- EXERCISE GOAL
Once the pictures are set aside, repeat all of the data below exactly.

- THE DATA
________________________
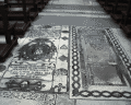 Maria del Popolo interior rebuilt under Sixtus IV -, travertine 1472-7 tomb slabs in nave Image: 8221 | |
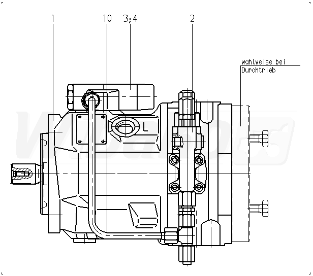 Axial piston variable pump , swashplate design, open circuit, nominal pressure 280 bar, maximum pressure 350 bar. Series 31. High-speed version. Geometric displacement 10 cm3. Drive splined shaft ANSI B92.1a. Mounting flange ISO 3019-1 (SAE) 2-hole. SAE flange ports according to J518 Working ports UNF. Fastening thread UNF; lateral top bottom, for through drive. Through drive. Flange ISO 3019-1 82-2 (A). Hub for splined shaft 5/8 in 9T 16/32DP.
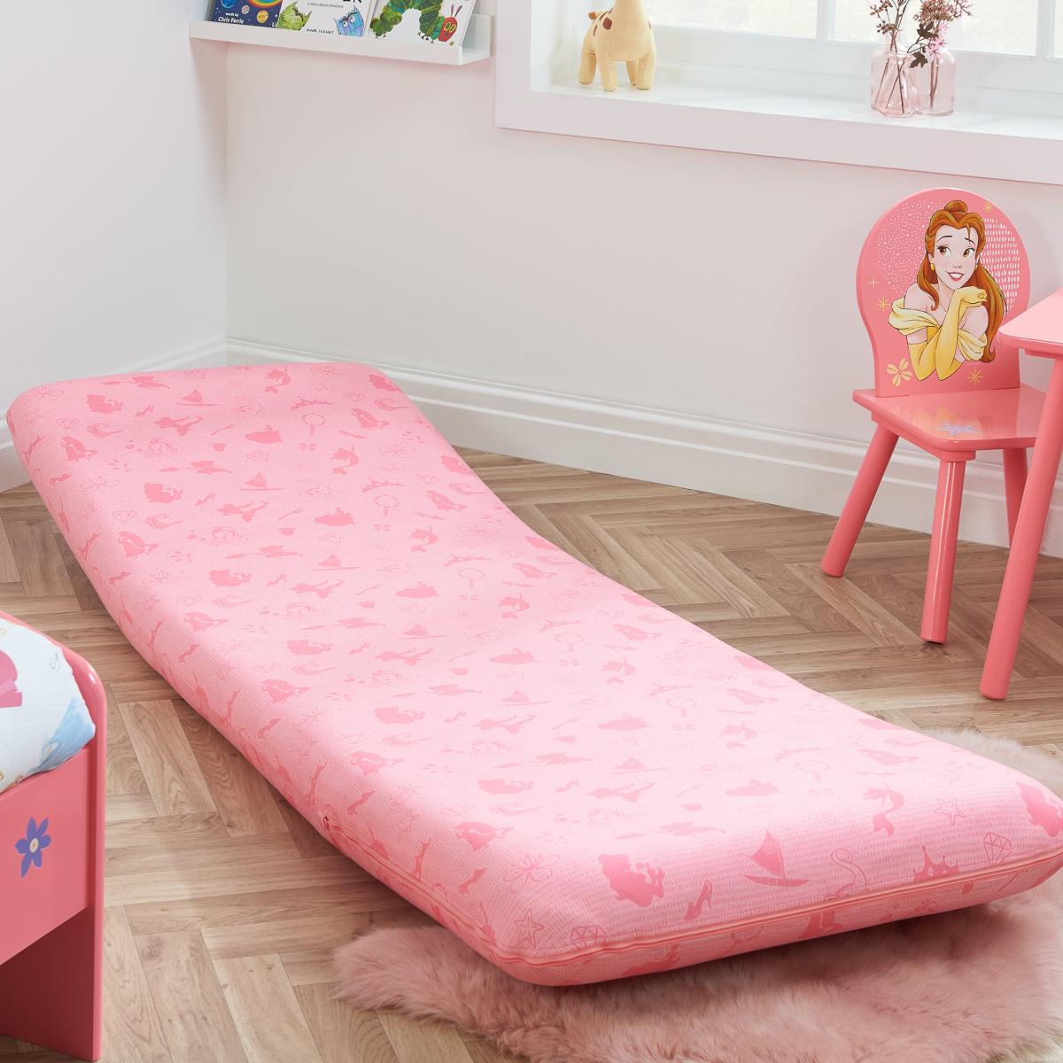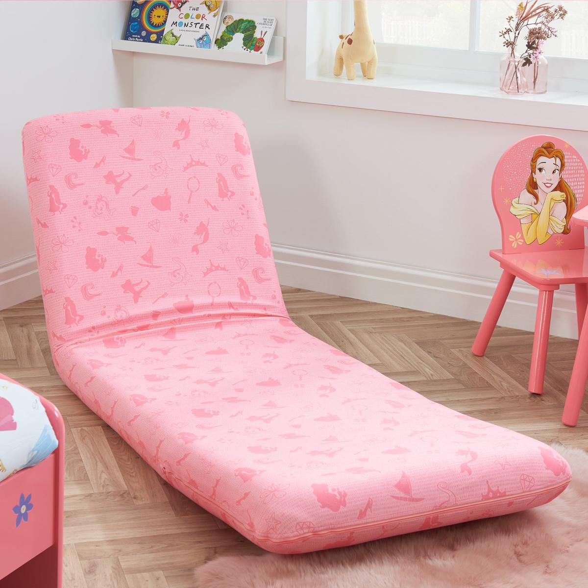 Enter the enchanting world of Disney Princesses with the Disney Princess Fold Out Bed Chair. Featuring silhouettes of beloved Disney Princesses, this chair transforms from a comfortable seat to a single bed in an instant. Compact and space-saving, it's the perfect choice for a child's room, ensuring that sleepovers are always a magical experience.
________________________
- COMPLETED TASK
 Maria del Popolo interior rebuilt under Sixtus IV -, travertine 1472-7 tomb slabs in nave Image: 8221 | |
 Axial piston variable pump , swashplate design, open circuit, nominal pressure 280 bar, maximum pressure 350 bar. Series 31. High-speed version. Geometric displacement 10 cm3. Drive splined shaft ANSI B92.1a. Mounting flange ISO 3019-1 (SAE) 2-hole. SAE flange ports according to J518 Working ports UNF. Fastening thread UNF; lateral top bottom, for through drive. Through drive. Flange ISO 3019-1 82-2 (A). Hub for splined shaft 5/8 in 9T 16/32DP.
 Enter the enchanting world of Disney Princesses with the Disney Princess Fold Out Bed Chair. Featuring silhouettes of beloved Disney Princesses, this chair transforms from a comfortable seat to a single bed in an instant. Compact and space-saving, it's the perfect choice for a child's room, ensuring that sleepovers are always a magical experience.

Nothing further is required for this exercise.